Bed Bath & Beyond told CNN that any changes to the store’s temperature rules did not come from the corporation. “We were contacted about this report and, to be clear, none of the Bed Bath & Beyond stores were instructed to set up air conditioners, and there were no changes to corporate policy regarding the use of utilities,” a spokesperson said.

However, Bank of America analysts who have visited the stores are reporting growing concerns, including massive reductions in working hours, cuts to utilities, reduced store hours and cancellation of renovation projects. Reward programs have also been cut and replaced. Analysts expect Bed Bath & Beyond management to announce new store closures soon and suspend the opening of its Buy Buy Baby stores.

Meanwhile, sales and price cuts are rampant.
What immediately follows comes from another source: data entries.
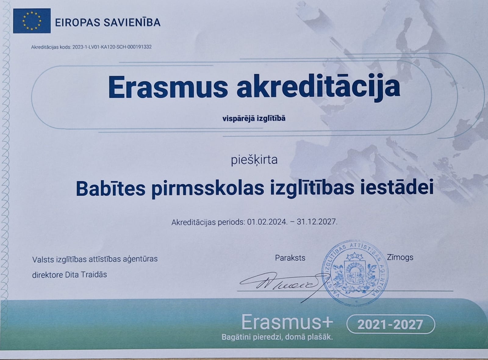 Kopš 2018.gada Babītes pirmsskolas izglītības iestāde – OID E10135506 – piedalās Eiropas Savienības Erasmus+ programmas projektos. 2024.gadā saņemta arī Erasmus akreditācija līdz 2027.gadam. Sadarbības projektu partneri aptvēruši plašu Eiropas ģeogrāfiju – Somija, Zviedrija, Ungārija, Itālija, Portugāle, Rumānija, Bulgārija, Spānija, Grieķija. Projektu īstenošanas laikā mācīsimies paši, dalīsimies pieredzē ar kolēģiem no citām valstīm, meklēsim jaunas idejas, ko īstenot mūsu ikdienas dzīvē. Projekti Babītes PII dzīvē ienes jaunas krāsas un izaicinājumus, tie veicina izglītības iestādes attīstību un pilnveido mācību procesu.
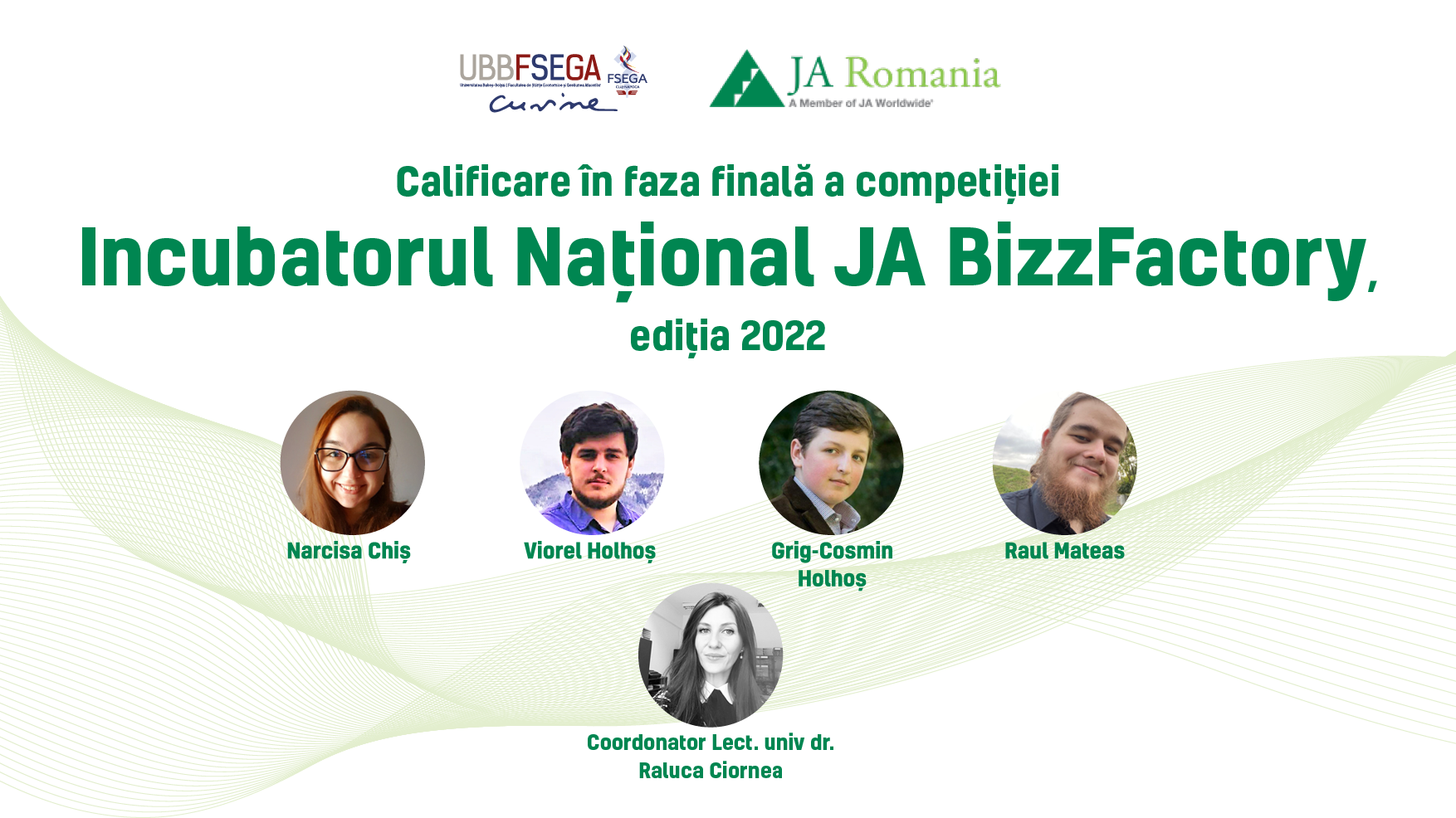 Echipa de studenţi UBB de la FSEGA și Facultatea de Matematică și Informatică s-a calificat în faza finală a competiției Incubatorul Național de Afaceri JA BizzFactory, ediția 2022.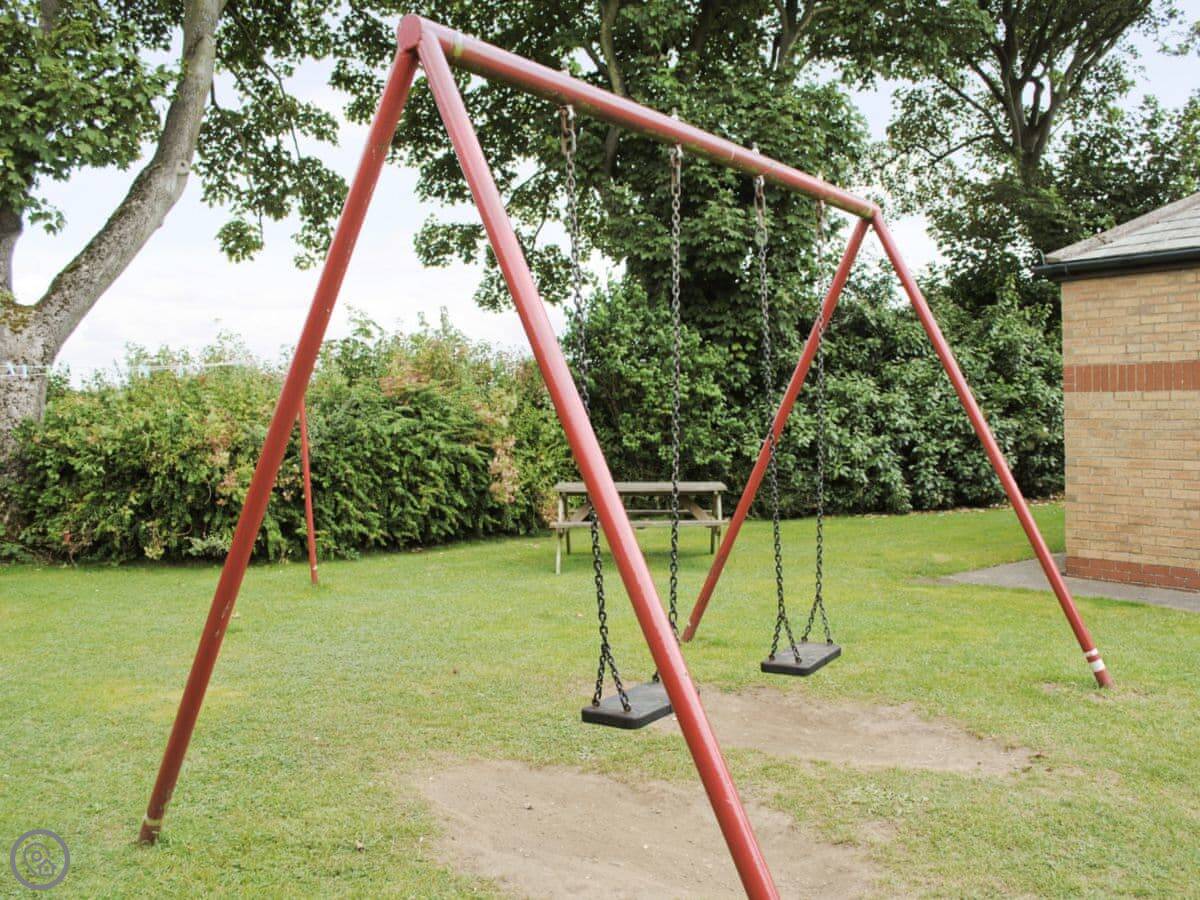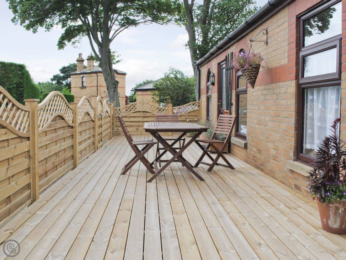 It sleeps six people. There are three bedrooms and two bathrooms, so that’s handy. It’s got a 3 Star rating, so it’s clean and comfortable but not luxurious. You’ve got your own enclosed decked patio out the back, with a table and chairs. There’s also a shared garden with a play area for kids.
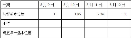| 与警戒水位差 | 1 | 1.85 | 2.36 | -1 |
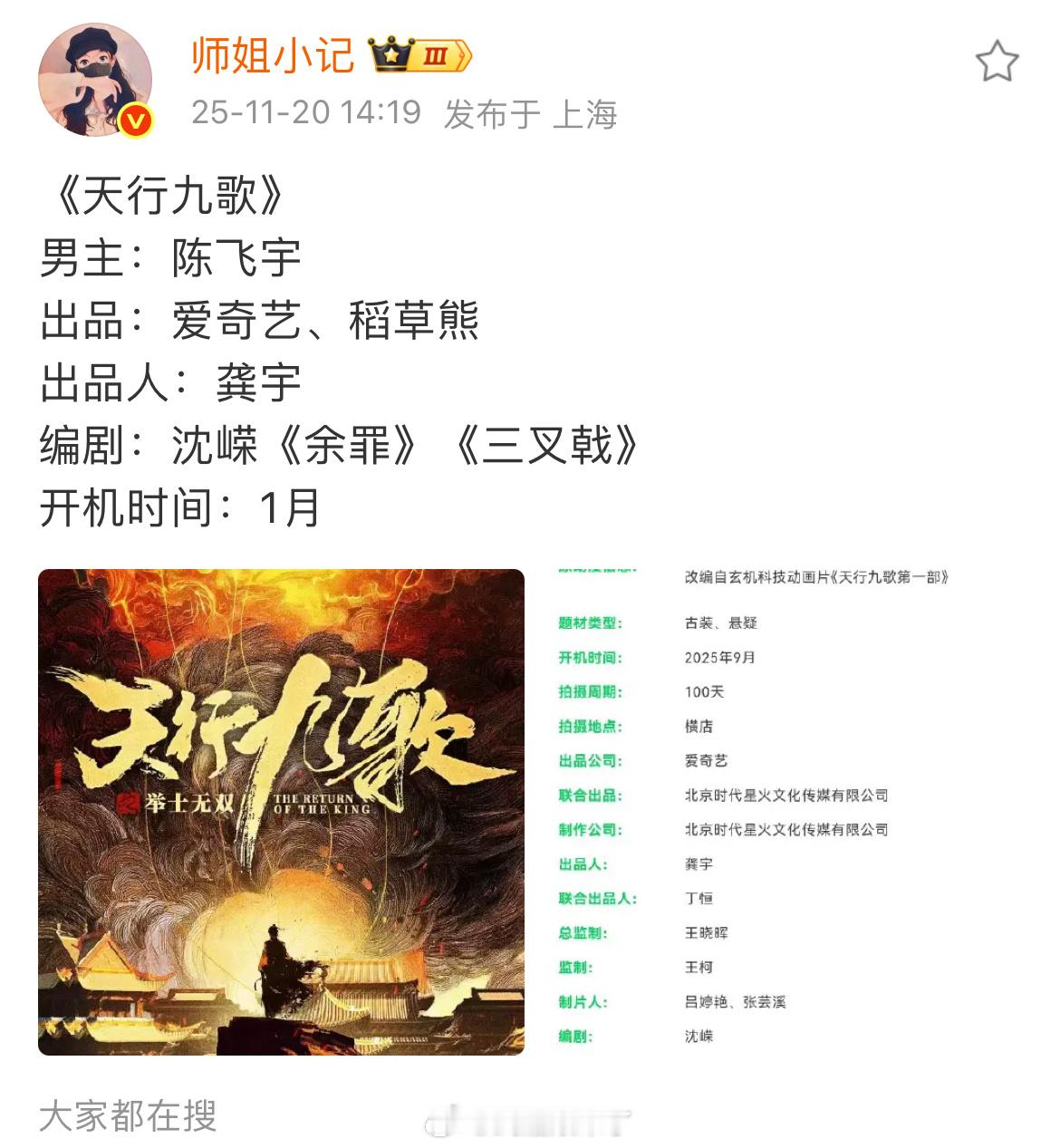 《天行九歌》主演陈飞宇,编剧:沈嵘《余罪》《三叉戟》,这班底不错!所以说陈飞宇是告白唯一首选,但告白不是陈飞宇唯一首选!

The company continues to offer increased promotions, including up to 50% off linens and furniture, free same-day shipping, $10 off $30 purchases, and 20% off purchases for college students and their parents.

But analysts at Riley Securities don’t think sales promotions are helping much. They significantly lowered their price target for the retailer’s stock from $17 to $7, citing declining store traffic. The easing of Covid restrictions means less demand for home goods, they said, and supply chain problems have led to a lack of inventory to attract customers. Analysts say competitors including Walmart and Target are holding steady traffic, while Bed Bath & Beyond is down 20% to 30% year-on-year.

The changes come ahead of the home goods retailer’s Q1 report, due this week, and follow last quarter’s devastating report when sales fell 22%. Bed Bath & Beyond CEO Mark Tritton said some product unavailability caused by kinks in the supply chain resulted in about $175 million in lost sales over the period.

Analysts at Bank of America expect sales to fall another 20% this quarter.

“The company is lagging behind the industry and we believe the consensus forecast [of an 18% drop in sales] may be optimistic,” they wrote.

The Zacks Equity Research consensus estimate for the retailer’s earnings is now pegged at a loss of $1.28 per share, down 2,660% from last year. According to the financial research firm, Bed Bath & Beyond has a four-quarter average of negative earnings of 4,700%.

Other worrisome factors for the company include the resignation of two key financial executives in recent months, chief accountant John Barresi resigned in May, and Heather Plutino, senior vice president of financial planning, analysis and commercial finance, also left the company.

Subsidiary brand sale Buy Buy According to analysts at Bank of America, the likelihood of having a child is also low. Activist investor RC Ventures, which owns nearly 10% of Bed Bath & Beyond, advocated selling the brand earlier this year, with buyers showing interest. However, analysts don’t think interest will weather these recent downturns. “We continue to face challenges in closing the deal given BBBY’s deteriorating financial position and higher high yield spreads,” they wrote.

Analysts at Riley Securities said they believe a sale or spin-off of the business could open up $1.5 billion to $2 billion in value, but they no longer believe a sale is imminent as the business dries up.

While the retailer is likely to suffer consistent losses for several more quarters, there is still hope, analysts said.

Tritton took over as CEO of Home Goods after stepping down as Target’s chief sales officer in November 2019 and quickly put in place a massive recovery plan.

He announced a major roadmap for store closures, cleared management and led the sale of assets for companies like Christmas Tree Shops and Cost Plus World Market. The company said it will spend about $250 million renovating about 450 Bed Bath & Beyond stores to make in-store shopping easier and merchandise more accessible.

“The turnaround is taking longer than expected due to supply chain issues and entering a more challenging retail operating environment,” analysts at Riley Securities wrote, but “we think Bed, Bath & Beyond is moving in the right direction.”